I can't explain it.......the day the word was given,it was like the strength to make him see this would be okay just filled my whole being,,,,people who know me,always say to me,,,boy,,,,,,he sure is lucky,,,,,,or boy, you were amazing....gosh.I just did what I felt necessary,,,I am sure he would do the same.....oh boy,I hope!!! Every arguement we ever had disappeared,,,I am a spiritual person,had a Catholic upbringing,,,which served me well, now I pray where ever I am,,,for whatever cause,,,my hope is those who can't make the right choice,know its the only choice,
as we have lost many recently who didn't act swiftly,,
afraid to loose there bladder,,,and now there loved one is alone.......

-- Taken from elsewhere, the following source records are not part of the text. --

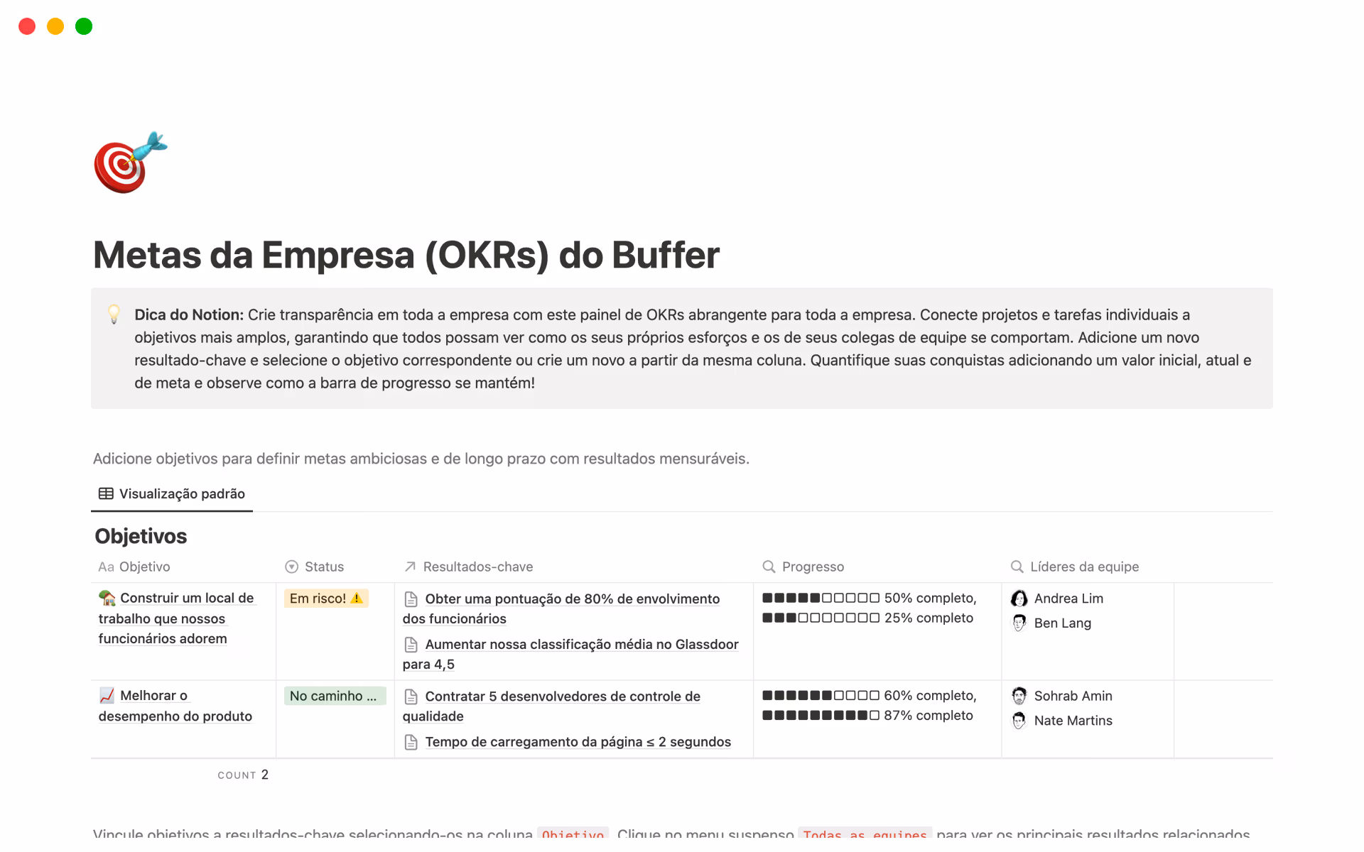 Pro tip: Use the template in the Personal OKRs database to create an outline of your objectives, then draft possible key results and how to quantify them.
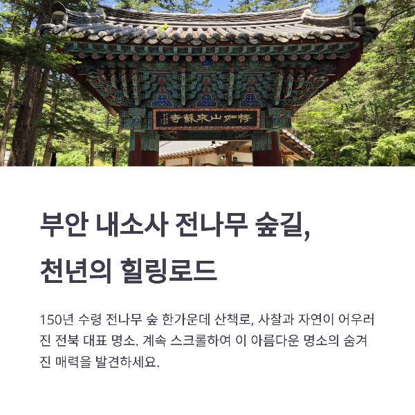 직접 다녀온 내소사 전나무 숲길은 단순한 관광지를 넘어선 감동의 공간이었습니다. 울창한 전나무 사이를 걷다 보면 마치 초록빛 터널 속에서 자연과 하나 되는 듯한 느낌을 받을 수 있습니다. 특히 봄철 벚꽃과의 조화는 이곳을 단연코 전국 최고의 힐링 명소로 만들어주기에 충분합니다. 짧은 시간 안에 깊은 여운을 남기고 돌아올 수 있는 여행지로서, 가족과 연인은 물론 나 홀로 여행을 계획하는 분들에게도 강력히 추천드립니다. 자연과 역사, 여유와 치유를 모두 경험할 수 있는 내소사, 여러분도 꼭 한 번 걸어보시길 바랍니다.
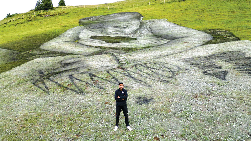 وقال سايبه إن لوحتيه على مساحة 3000 متر مربع ويمكن رؤيتهما من قمة الجبل والمراعي القريبة، وترمزان إلى الحاجة إلى تبني وجهات نظر مختلفة ورفض الجمود.
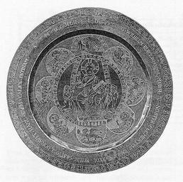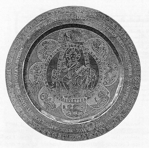 Keywords: Patene Chorin.JPG Patene Abendmahlsteller von 1280/1290 aus dem Kloster Chorin heute in der Berliner Nikolaikirche Sie zeigt neben dem zentralen thronenden Gott laut Inschrift den Brandenburger Markgrafen Mitregent Johann II und seine Gemahlin Hedwig von Werle Der innere später hinzugefügte Ring hält fest dass der Große Kurfürst die Patene 1642 der Berliner Nikolaikirche schenkte Paten created 1280/1290 in the abbey Kloster Chorin showing Co-ruler Margrave John II ca 1237 “1281 Margraviate of Brandenburg and his wife Hedwig von Werle Wolfgang Erdmann Zisterzienser-Abtei Chorin Geschichte Architektur Kult und Frömmigkeit Fürsten-Anspruch und -Selbstdarstellung klösterliches Wirtschaften sowie Wechselwirkungen zur mittelalterlichen Umwelt Unter Mitarbeit von Gisela Gooß Manfred Krause u Gunther Nisch Mit ausführlichem Literaturverzeichnis Königstein i Ts 1994 Die Blauen Bücher ISBN 3-7845-0352-7 page 12 Der Teller befindet sich in der Berliner Nikolaikirche 1280/1290 author PD-old Liturgy Patens Kloster Chorin historische Abbildungen Johann II Brandenburg Hedwig of Werle |
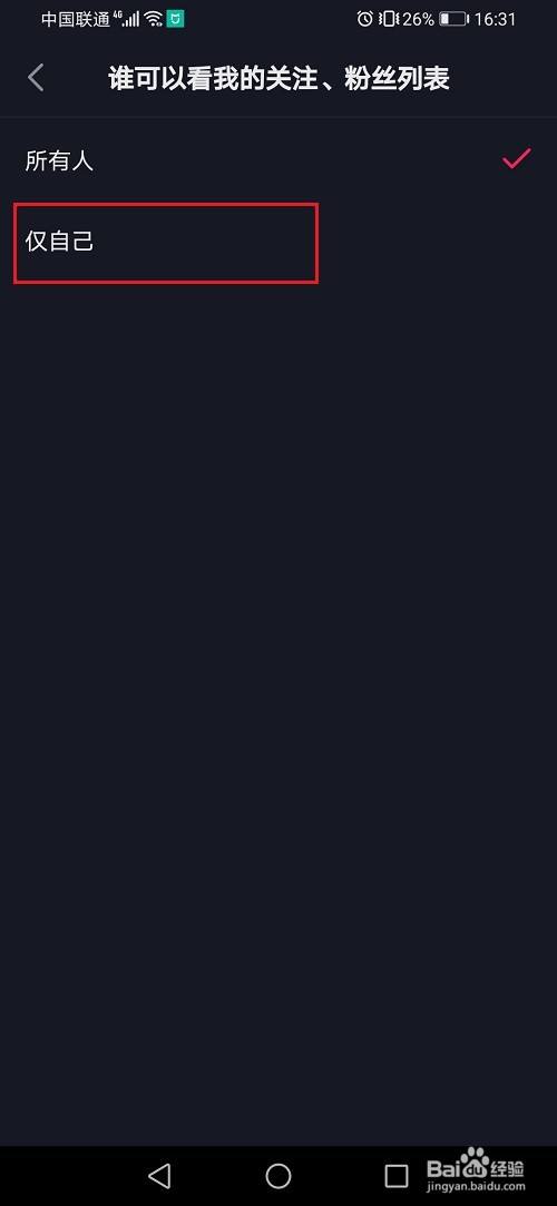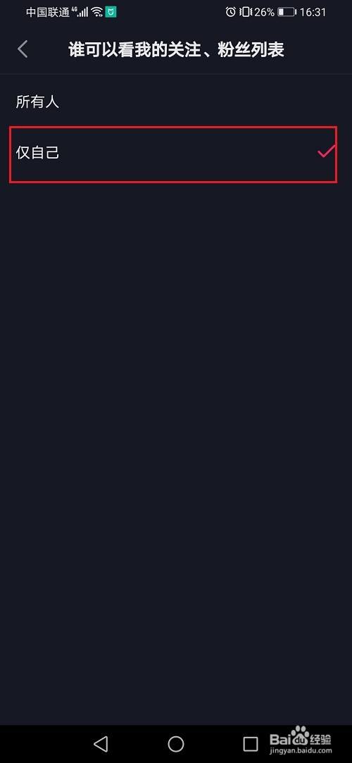 第五步勾选仅自己之后,就成功设置粉丝不让别人看到了
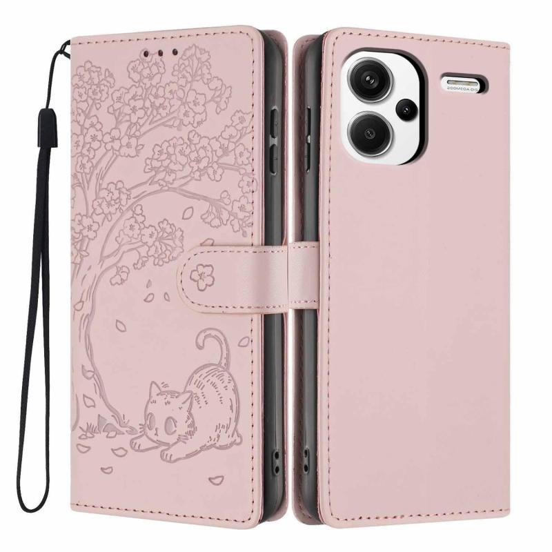 For Redmi Note 13 Pro+ Tree Cat Embossed Flip Vegan Leather Phone Case(Rose Gold)
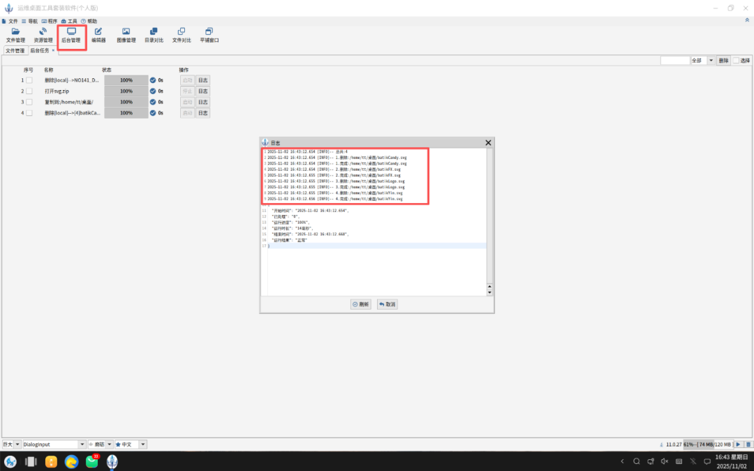 用户可以通过点击“后台管理”调取删除日志,如下图所示
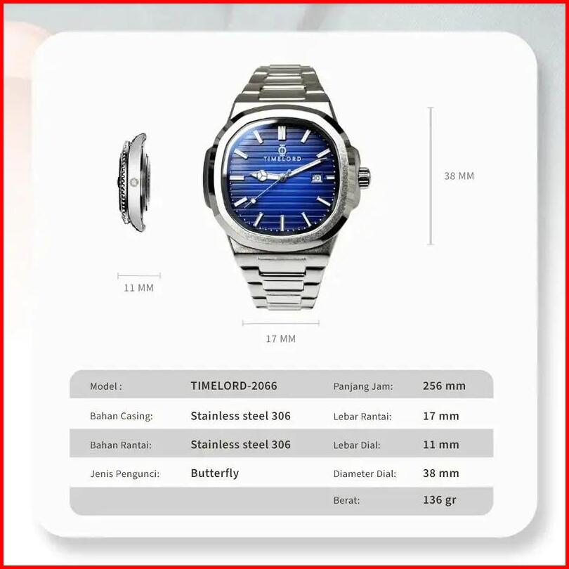 Jam Tangan Pria Tahan Air Kaca Safir Timelord 2066 Original Stainless Steel Anti Gores Garansi Resmi
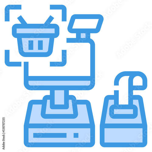 © itim2101, Fototapeta premium cashier machine blue outline icon
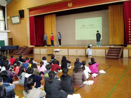 次に,給食委員会の子どもたちが,『食』に関わる大切な内容をスライドや寸劇,クイズを交えて分かりやすく紹介してくれました。

15 year,thats okay,,,,,,,your have way there,,,and hope you stay that way,,,
my copper,,,yes,,,,,well.....same here....actually my husband crumbled, by that I mean he froze up on a daily basis,,,I don't have that husband that makes sure I have a fancy room somewhere,,,and tells me to go get some rest,,,,he said,please stay with me.....I made my own reservation at the swanky hotel at the Clinic,,
didn't see the room much....but who cared,,,,being stage 3 I guess the idea of it spreading was first and formost on his mind,,,its okay to be scared,,,men and women,its okay to crumble,,,as long as your advocate is there to pick you up,,,thats why were married.

Sopheido,
I have learned alot about the women here , who loose there bladder,the aftermath from surgery,,,and the things that they have to adjust to, they get to have hysterectomy along with bladder removal,,woo hoo,,what a break, you too have many things to overcome, of course look at Nancy Balihigh, shes amazing,,recovered in her camper,well its a very big camper,,,with all the do da's.....we sur ecan do many things if we just set our mind to it.....
My husbands words.......I will never have a bag.......
M husbands words.......I will never do the shot....

He does both now.....amazing........

Stacey,
You remind me of me,,,same dedication to getting back what you had,,,your right on target,,,
bless your little heart I know you had many worrisome nights,but when you go up, something gave you the strength to do it all over again....me too,,,,always in a skirt!!!